Darik Radio is a Bulgarian radio station, specializing in news and comments from Bulgaria. It was launched at 12 am on 21 January 1993. Darik Radio is the biggest private radio station in Bulgaria. It has an extensive network of correspondents in nearly 20 countries in Europe and North America. A recent poll showed that Darik Radio is the preferred station among city-dwellers and middle-class people.

== History ==
Initially Darik Radio was broadcast from the capital Sofia and was heard only by a small fraction of the population. It quickly gained popularity due to its focus on news. In 1994 the radio started a scheme to become the first private radio station in Bulgaria. In the years that followed, Darik Radio opened numerous offices in other cities and covered the nation with its transmitters. The story of Darik Radio is one of success. After bitter legal fights with other competing radio stations Darik Radio achieved its ultimate goal - it was licensed as the first private national radio in Bulgaria and it stays so to this day.
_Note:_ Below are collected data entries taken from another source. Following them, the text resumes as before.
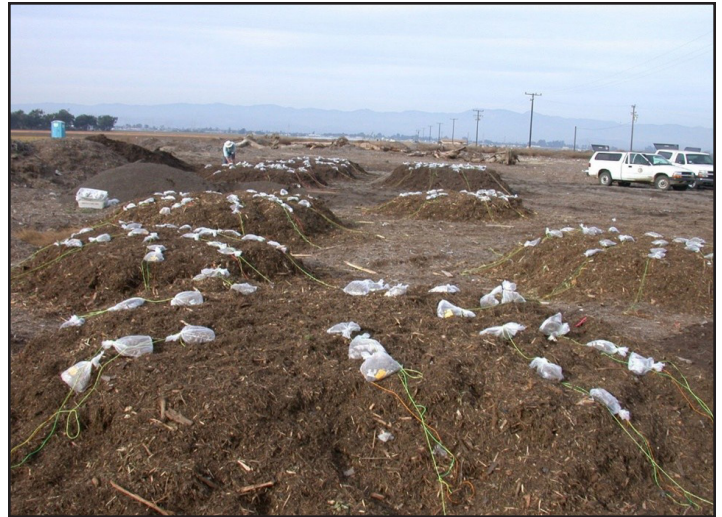
Figura 3. Las investigaciones sobre estudios de inóculo enterrado muestran que los patógenos sobreviven muy poco en acolchados frescos de astillas de madera.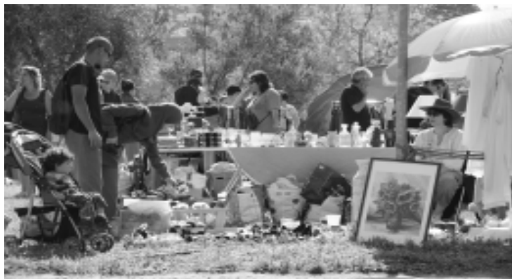
Précision : le petit garçon au premier plan n'est pas à vendre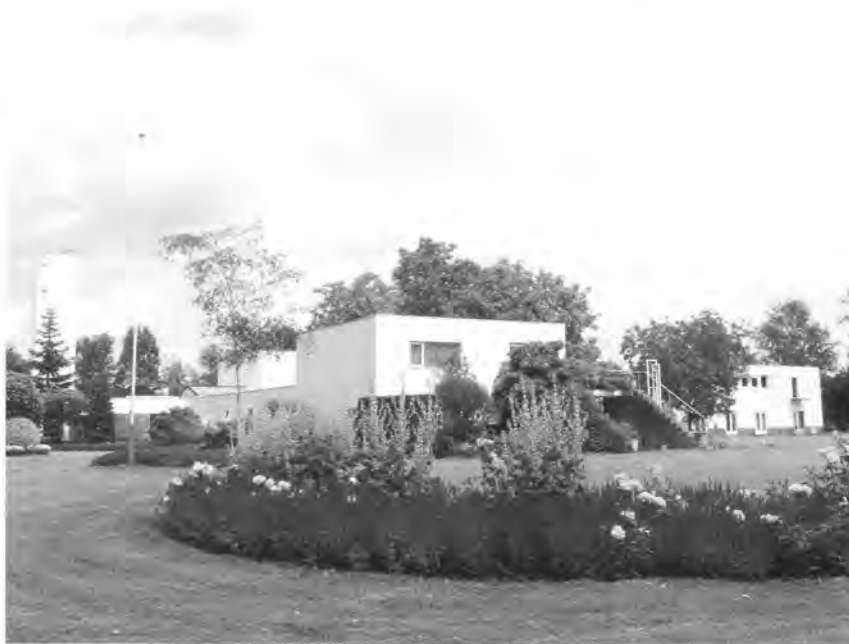
Renova vooraanzicht thans.

Op 24 juli 1936 verleent de gemeente De Bilt vergunning voor de bouw van een instituut tot opleiding in Architectuur en Decoratieve Kunsten op een drie ha groot terrein aan de Maartensdijkseweg. Het wordt een langgerekt gebouw in de vorm van de letter L, parallel aan de Maartensdijkseweg, ontworpen in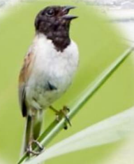
コジュリン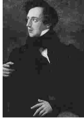
Resim 2: Felix Mendelssohn

Felix ve Fanny Mendelssohn’nun (Resim1 ve 2) Aristokrat ailelerinin evlerinde ve konser salonlarında kazandığı üstün başarıları sonucunda babası Abraham Mendelssohn- ataerkil sistemde kadın olarak kızının kadınsı tavır beslemesini isteyerek - “Müzik çalışmaların konusunda bana yazdıkların, kardeşin Felix’in çalışmaları hakkında düşündüklerin... Bunların hepsi güzel şeyler. Müzik kardeşin için belki bir meslek olacak, fakat senin için bir süsten öteye gidemeyecek. Bu anlayışla hareket et. Kadınlara sadece kadınsı bir tavır yakışır” diye yazmıştır ( www.alinteri.org , 13/ 10/ 2006, www.musicforpianos.com , 22/10/ 2006).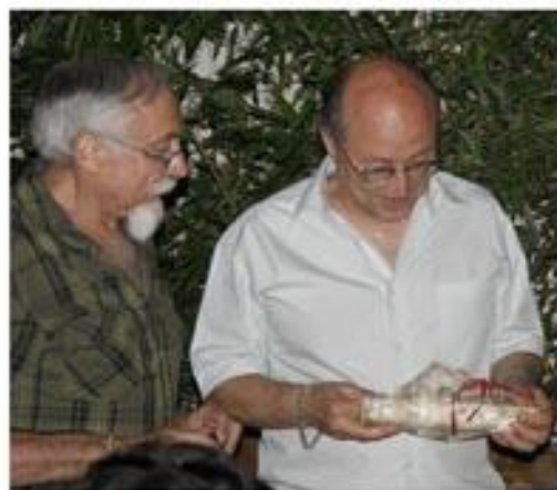
...beaucoup d'heureux car tout le monde gagne.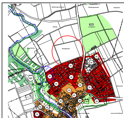
Bish. Fassung FNP 7D 1:20.000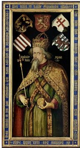
Сигизмунд Люксембургски(1410-1437 г.)

В писмо на крал Сигизмунд до неговия приятел и съюзник, бургундския херцог Филип, от 1404 г. са изброени воюващите против османците унгарски съюзници: Господин Остоя, крал на Босна (...), знатният господин Стефан, деспот и дук на Рашка (Сърбия), известният Константин, прославеният император на България, и Мирчо, воеводата на трансалпинска Влахия (...). Последните двама също се върнаха в лоното на Наше Величество, под наше подчинение, много пъти нападаха смело гръцките области и други области, които и досега се владеят от турците; спечелиха триумфална победа над враговете и слава за себе си...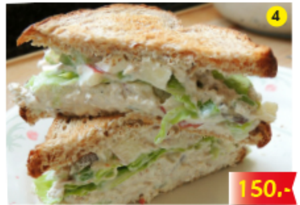
ทูน่า แซนวิช Tuna Sandwich Thunfisch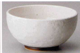
62123-181 粉引石目5.0丼 1,520円 (15.3×8cm)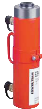
30, 60, 100 Ton Double-Acting Models Feature Threaded Collar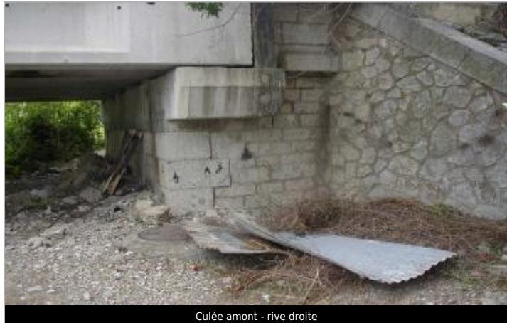
Culée amont - rive droite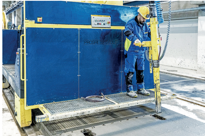
混凝土提取机主要用于从凹槽和开口中移除混凝土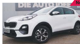
Kia Sportage 1.6 T-GDI „Navi - Kamera - Sitzheizung“

EZ: 04/2019, 250 Km, Benzin, 130 kW (177 PS), ZV mit Funk, Lichtsensor, Radio, Alarmanlage, Bluetooth, Tempomat

The project cost nearly $1,000,000. The radio is available online and via Intelsat satellite.

== Popular shows ==
The radio has news bulletins every half-hour.

- "The week" - sums up major event in the country every Saturday evening
- "Gong" - sports coverage
- "Wallet" - news from the world of business
- "Darik cafė" - every morning, reading newspapers, different live interviews, comments, weather forecast.